Former OnlyFans CEO unveils his next act
Tim Stokely knows this is a fraught moment to talk up his new web3 startup, a celebrity digital collectables platform called Zoop. And he doesn't particularly want to discuss OnlyFans, the pornographic social media juggernaut he built and led before abruptly leaving last December.
- But when it comes to next acts, passion tops timing.
Why it matters: OnlyFans grew a multi-billion dollar business that not only leveraged sex, but also a keen understanding of how influencers and fans interact. Stokely and partner RJ Phillips, a onetime Morgan Stanley trader who later became an OnlyFans finance exec, believe they can apply those lessons to Zoop.
- They also believe Zoop will be more amenable to outside investors, including a $4 million round that's expected to close imminently.
- To date, the company has been funded by Phillips and Stokley, who says he no longer has an equity stake in OnlyFans (he declined to disclose details of his exit package).
What it does: Zoop will create digital avatar NFTs, beginning with a series of popular influencers and A-list celebrities, which users can buy, trade and use in third-party games. It will include a play-to-earn model, and plans to keep prices low so as to encourage large collections and for users to join relevant fan communities.
- Avatars will be created in licensed collaboration with the celeb or influencer, who will receive 70% of primary sale proceeds.

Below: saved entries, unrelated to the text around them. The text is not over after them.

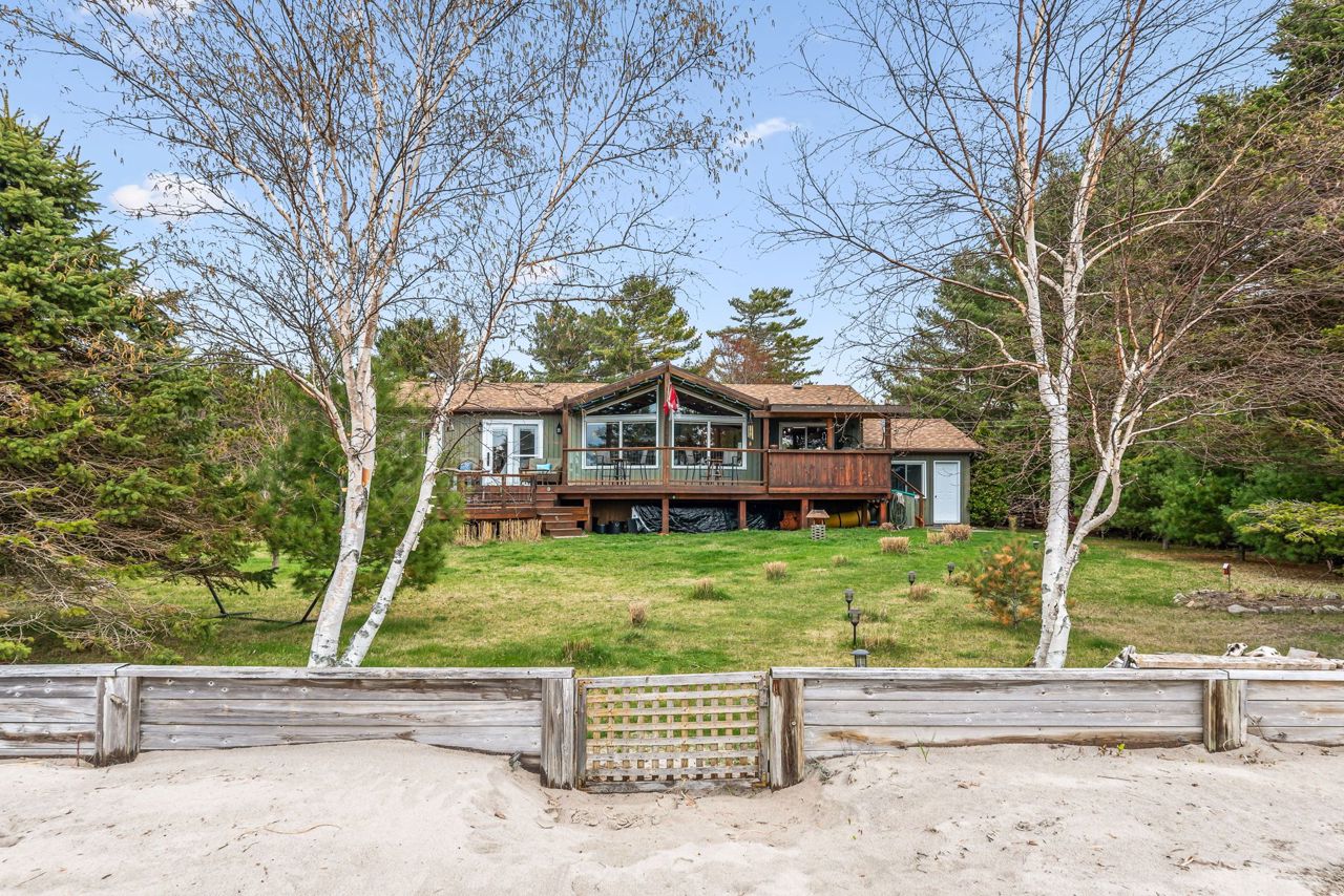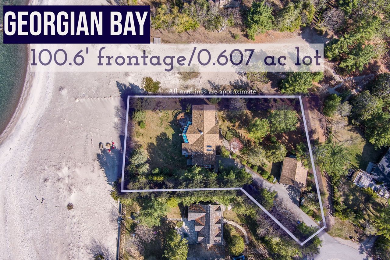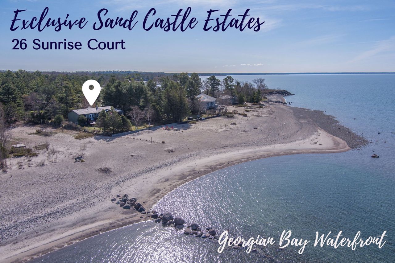 Incredibly rare offering on Georgian Bay in an exclusive & private enclave of waterfront properties in the elite community of Sand Castle Estates. A low annual fee of $140 grants use of the private boat launch, parks & trails. This is an architecturally designed residence with vaulted ceilings, shiplap, skylights & floor-to-ceiling windows that cascade all day sun. Unparalleled views of the lake & Blue Mountain will never get old. Enjoy 0.61 acres with 100.06' of frontage, a sandy beach, and clear water for the ultimate lakeside living. The grounds are spectacular with towering trees, armor stone, & perennial gardens that accentuate the million-dollar view! As a primary residence or a cottage, you are at nature's doorstep. Enjoy a hot tub, your outdoor kitchen, and ultimate privacy every day. Designed to bring nature indoors with large windows & views from every vantage point. Plenty of outdoor storage and parking with a triple garage and private lane. Within 90 minutes of the GTA.Optional membership to Sand Castle Estates, approximately $140/year which includes a private Sand Castle Community Boat Launch, access to 4 private parks, trails, and a private walkway to the beach.
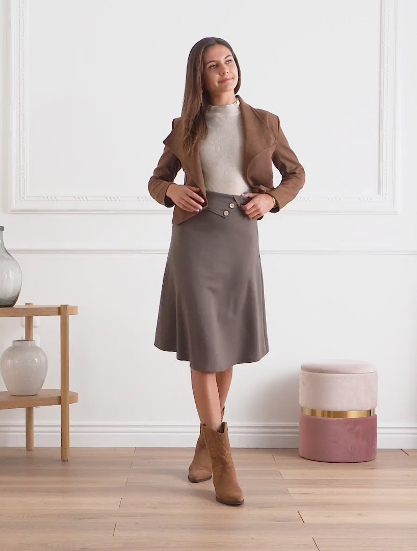 Giacca in camoscio sintetico con tasche decorative con zip - Marrone
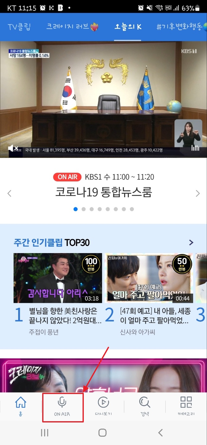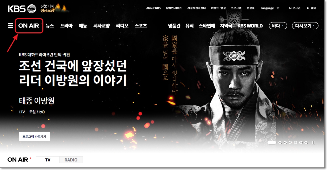 메인 홈페이지에 들어가셨다면 좌측 상단 위 화면에서 보이는 빨간색 표시 ON AIR을 클릭하세요.
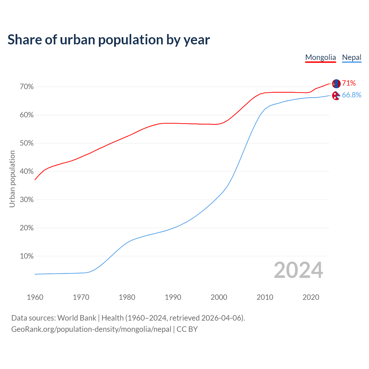 From 2004 to 2024, the share of urban population changed from 60.8% to 71% in Mongolia and from 41.6% to 66.8% in Nepal.
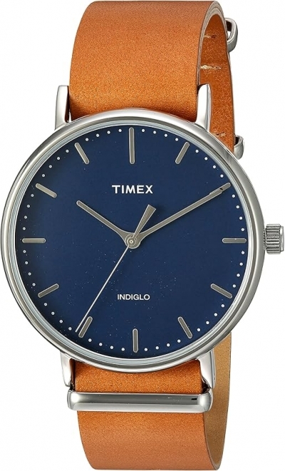 - The 41mm Fairfield watch is the ultimate expression of clean minimalist style set in a silver-tone case with a sharp blue dial and a contrasting tan leather strap.
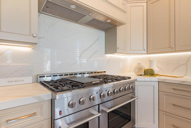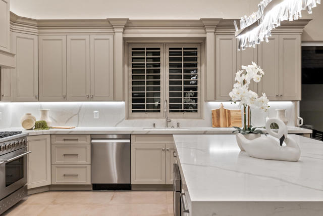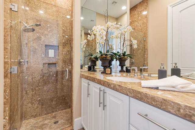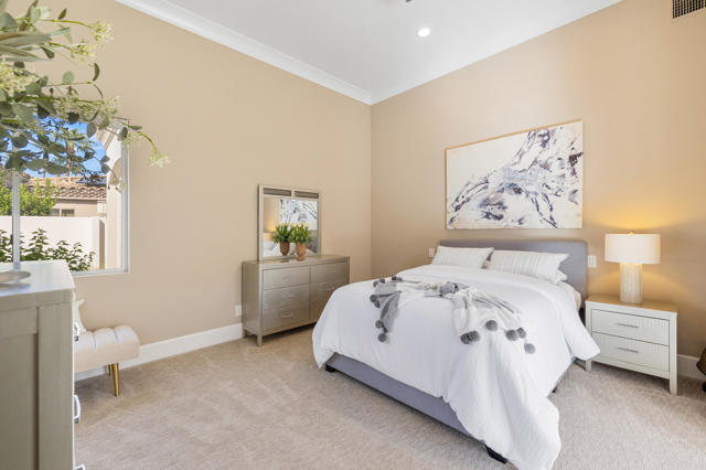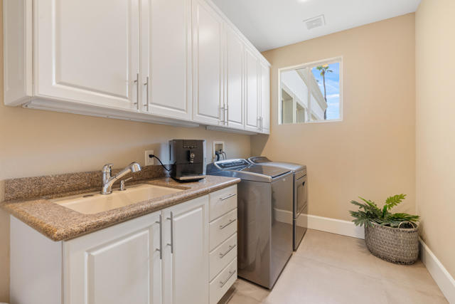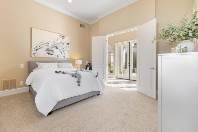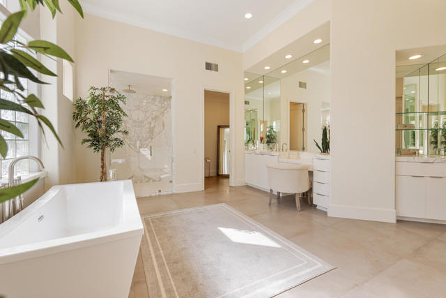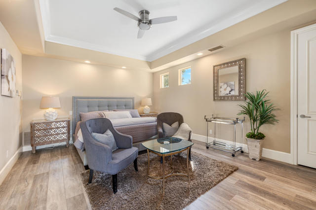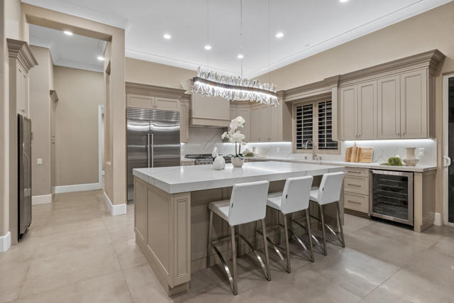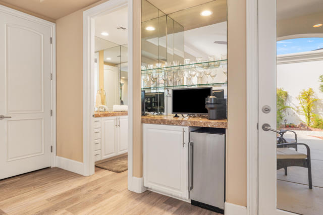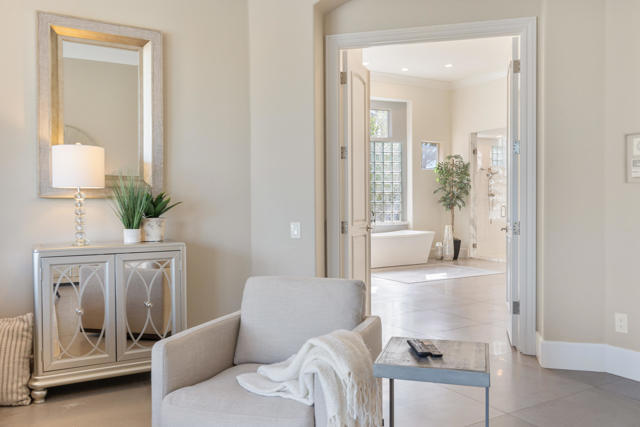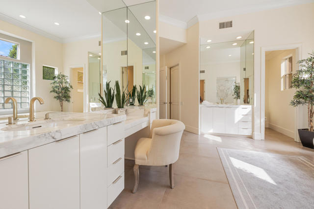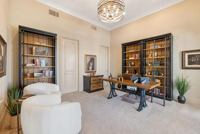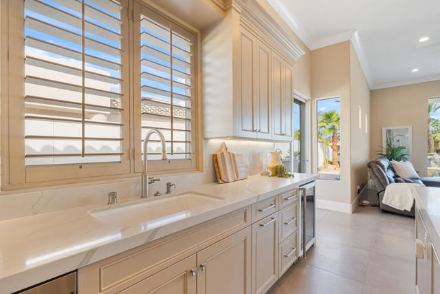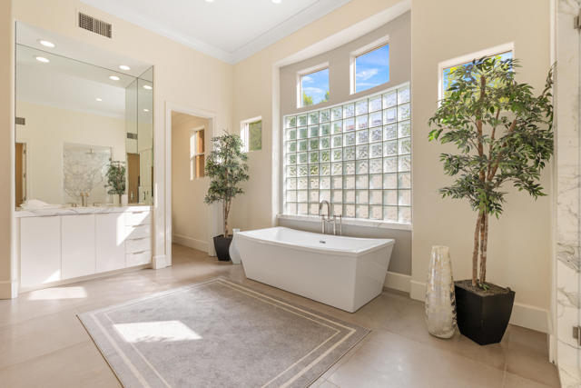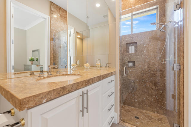 Enjoy the Palm Desert lifestyle in this fabulous solar powered custom 4 bedroom, 6 bath home including Casita. Just under 5000-SqFt of living space, this beautiful lakefront home built in 2000 and recently beautifully remodeled, offers jaw dropping lake and mountain views from many areas of the house, pool and spa. Sixteen-foot ceilings, massive, stacked stone fireplace wall and disappearing walls of glass, offer amazing indoor-outdoor desert lifestyle living, wonderful for entertaining on those gorgeous days and evenings. Bright interior with today's finishes, all new chefs' kitchen, appliances, wine storage and outdoor BBQ cooking just outside. Neutral modern 36'' tile floors make interior spaces beautiful, open and expansive. Open to the kitchen, a relaxed media area with fireplace and large pocket glass door. Incredibly spacious primary suite, with sitting area, fireplace and media, pocket glass doors that open to rear yard Pool area and just steps away from your lake and mountain view heated Spa. Gorgeous and luxurious primary bath, with soaking tub, large shower with Calacatta Marble and matching stone tile, dual water closets and walk-in closets. Home office utilizes guest-suite 1, opposite side of the house guest-suite 2 and situated off the courtyard entry with fountain and sitting area, Casita-Guest-suite 3, a wonderful privacy floorplan. You won't want to miss this opportunity!

Moving forward, less "known" individuals (e.g., college athletes, etc.) can create Zoop avatars, using an authentication system that sounds pretty similar to how OnlyFans verifies its models.
Launch window: Stokely and Phillips say the app is ready and was scheduled to launch during this week's big NFT event in New York. But they've decided to push back at least a month, given the raging crypto blizzard.
- "We're really not concerned about the drop in crypto asset values, or even what's happened to some other play-to-earn environments, because we'll always be a dollar exchange despite our tokens," Phillips says. "But we want to make sure there's some segregation from everything going on right now."
The bottom line: This isn't a team to sleep on, even if so many NFT projects go straight from grand ambition to the scrap heap. Stokely and Phillips claim to already have a bunch of top influencers and celebs signed and, if true, Zoop could be standing tall when the thaw arrives.